Role of Pore Volume and Surface Area of Cu-BTC and MIL-100 (Fe) Metal-Organic Frameworks on the Loading of Rifampicin: Collective Experimental and Docking Study

Metal Organic Frameworks (MOFs) has been one of the most emerging area of biomedical research. Although MOFs exhibited a wide range of interesting properties, still the drug loading mechanisms by these systems remained unclear. Herein, we have made an attempt to study the uptake capacities of Cu-BTC and MIL-100 (Fe) MOFs towards anti-TB drug Rifampicin (Rif). This work is basically focused to study the effects of structural parameters of MOFs on the loading of the drug Rif. We have synthesized Cu-BTC and MIL-100 (Fe) by adopting a solvent free greener route using a kitchen grinder and thoroughly characterized by using Scanning Electron Microscopy, Powder X-ray Diffraction, Fourier-Transform Infrared Spectroscopy, N-2 adsorption isotherm, Thermo Gravimetric Analysis.

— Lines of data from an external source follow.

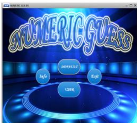
Fig. 1. Welcome Window

To check the probability of people interested in playing digital games, we randomly selected a number of people with no age limit. About 100 people, over 80% of people enjoy to playing Numeric Guess.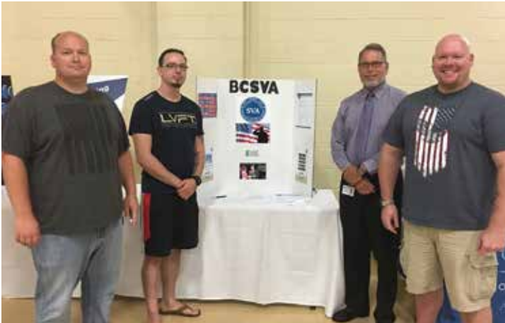
The Baptist College Student Veteran's Association is a new student organization on campus.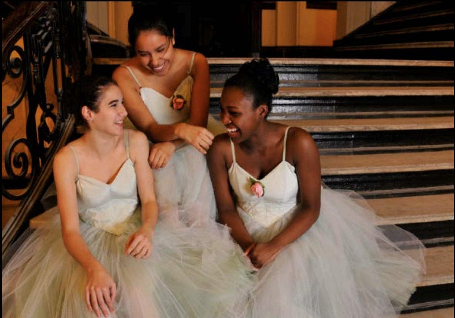
The Stamford School of Ballet located in the Stamford Innovation Center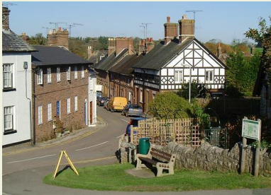
Puddletown High Street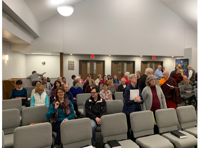
We hosted the Interfaith Prayer Service.

----- Order Easter flowers to decorate the chapel and then take them home and plant them in your own yard after Easter. The flowers may be placed in memory or in honor of a loved one. Our order must be placed by March 27 to guarantee availability. Please fill out the information below and return it with your payment to the church office by then if you can. Checks should be made out to Plymouth United Church of Christ.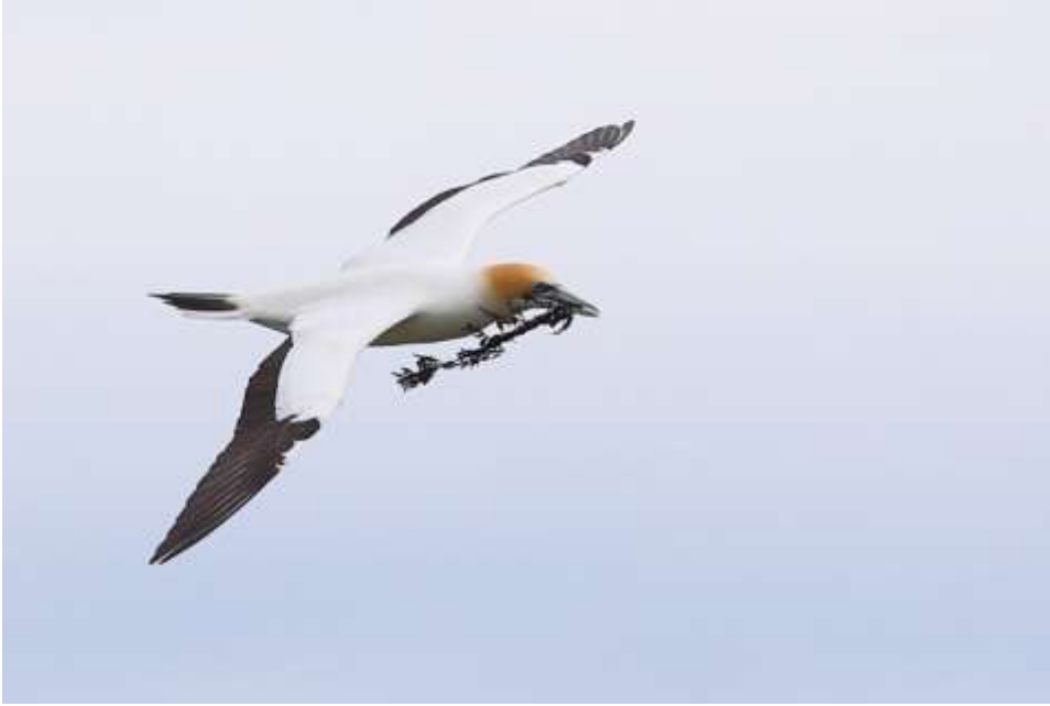
Male Australasian Gannet carrying nesting material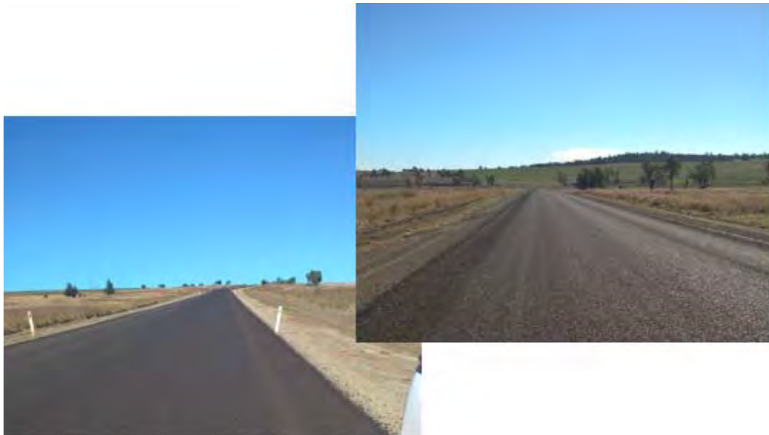
SR4 Baroma Downs Rehabilitation

Northern construction crews have now completed rehabilitation and heavy patching works on Baroma Downs Road. This has involved stabilising 2.5km of pavement with slag/lime and overlaying the existing pavement with 150mm of new material, also stabilised with a slag/lime product.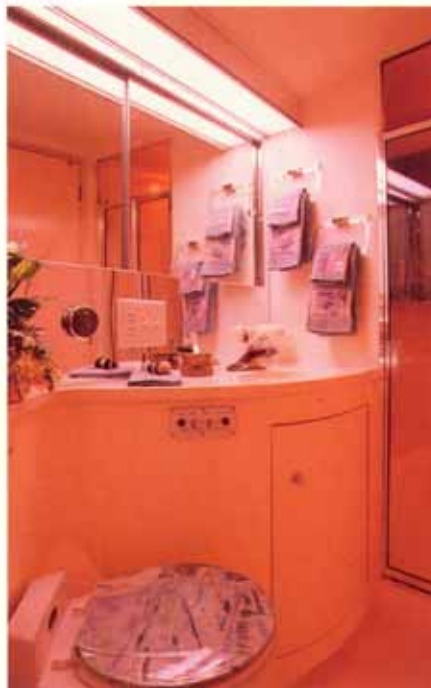
The Master Head. All the conveniences of home — your home at sea. Surprised to find a head like this in a 50? Remember, this is a Hatteras!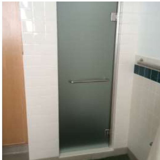
FS 34 Complete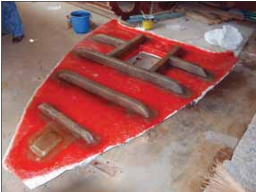
Figure 124 The deck is stiffened with top-hat stiffeners and doubling pads moulded in to take deck fittings.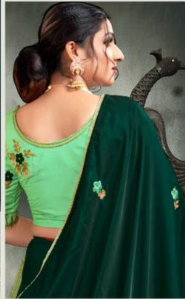
ethnic elements of indian fashion from traditional motifs to customary regional colours, contemporary stance and hundred person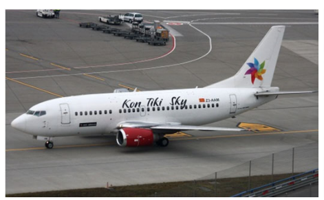
Z3-AAM - Boeing 737-500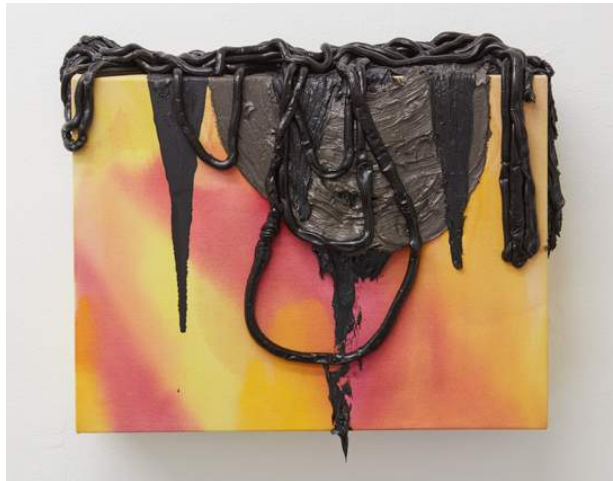
Untitled. Oil on canvas.

Keeping with its commitment of encouraging new works, Lubov, New York is presenting the first solo exhibition of Chicago-based artist Boris Ostrerov till January 8, 2017.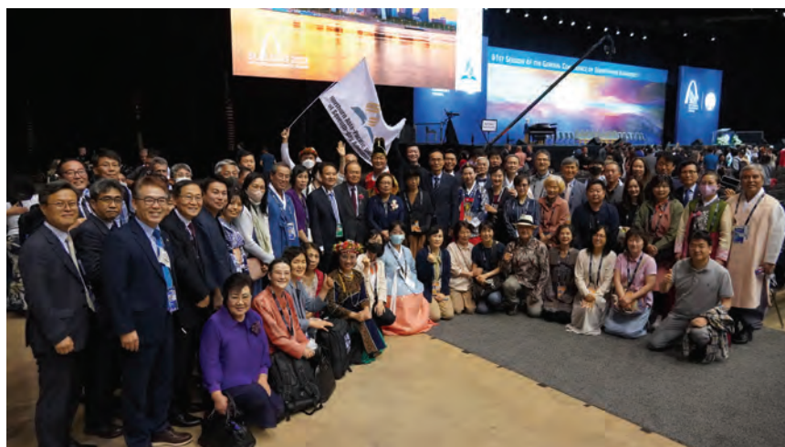
Delegates of the Northern Asia-Pacific Division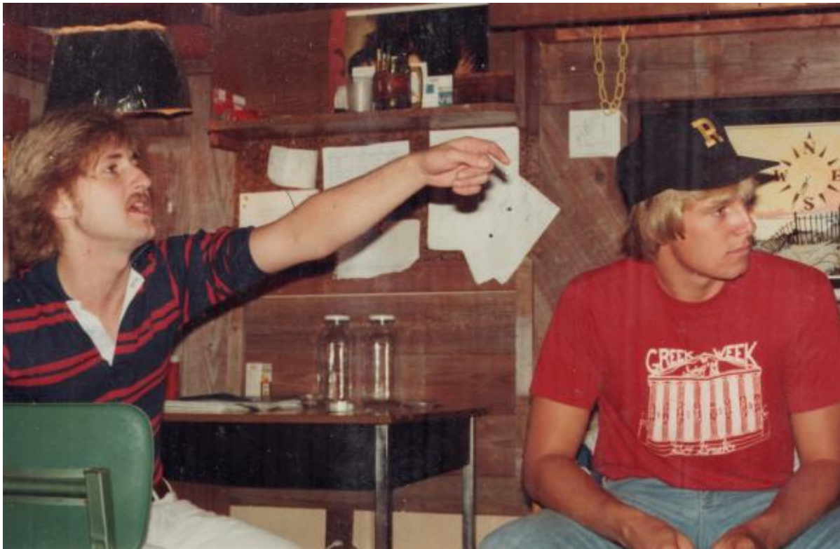
Cobb or cutton and Bob or button doing nutton or sutton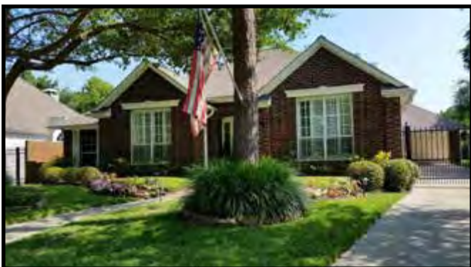
8814 ANDANTE DRIVE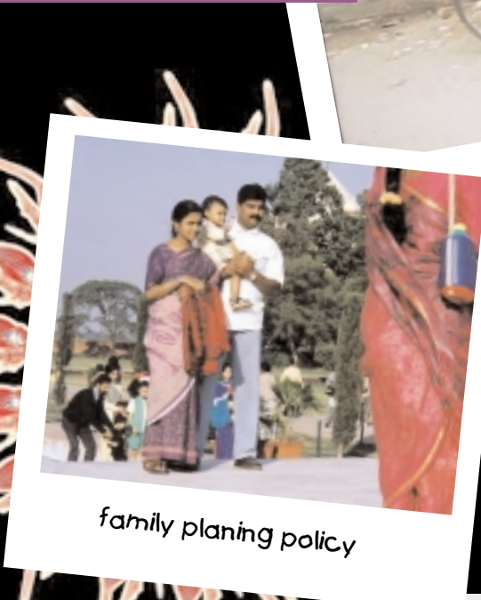
family planing policy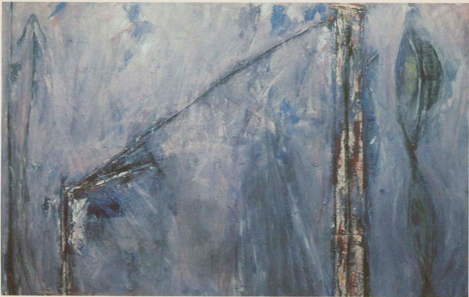
Charleswood 1 — 1982 — 5' x 8' mixed media on canvas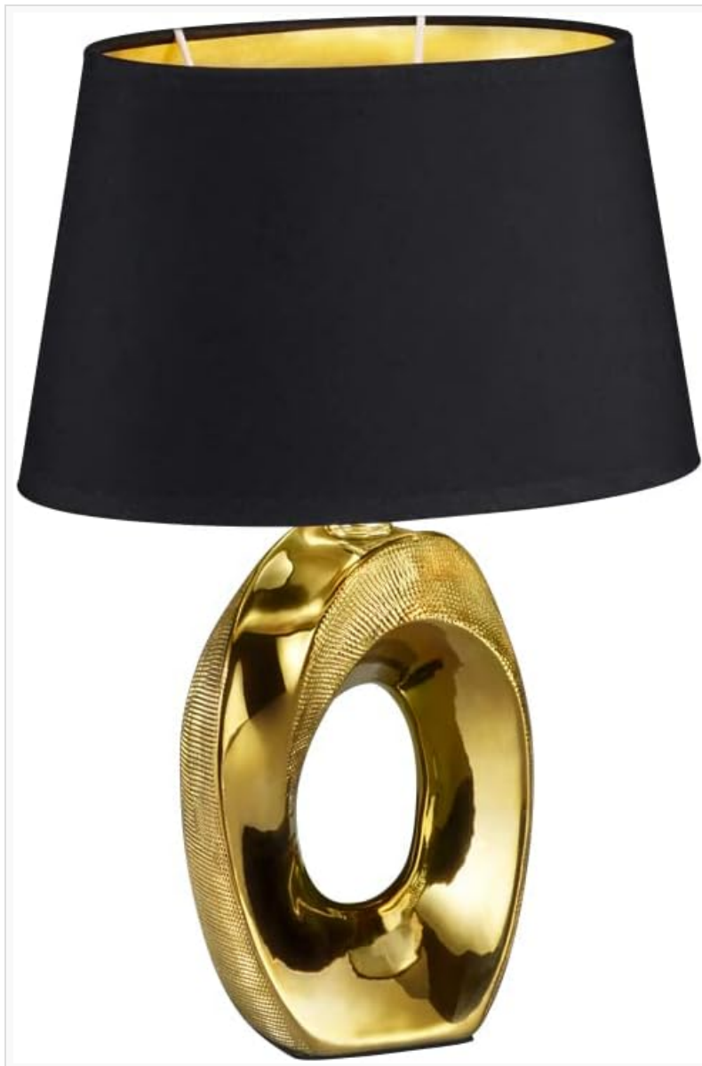
This image shows the assembled Taba table lamp, featuring its distinctive black fabric shade and a textured gold ceramic base.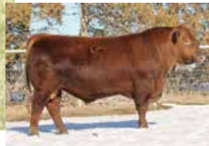
LSF SAGA 1040Y MATERNAL GRANDSIRE OF LOT 8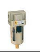
Model: EF2500-02 EF2500-03 EF3000-02 EF3000-03 EF4000-03 EF4000-04 EF4000-06

In addition to that, we have also studied the cytotoxicity of MOFs as well as binding energy between Cu-BTC and MIL-100 (Fe) with the anti-TB drug Rif. Though MIL-100 (Fe) having high surface area as compared with Cu-BTC but the loading capacity of Cu-BTC is higher than the MIL-100 (Fe). This indicates that the pore volume of MIL-100(Fe) and Cu-BTC plays vital role for the drug loading.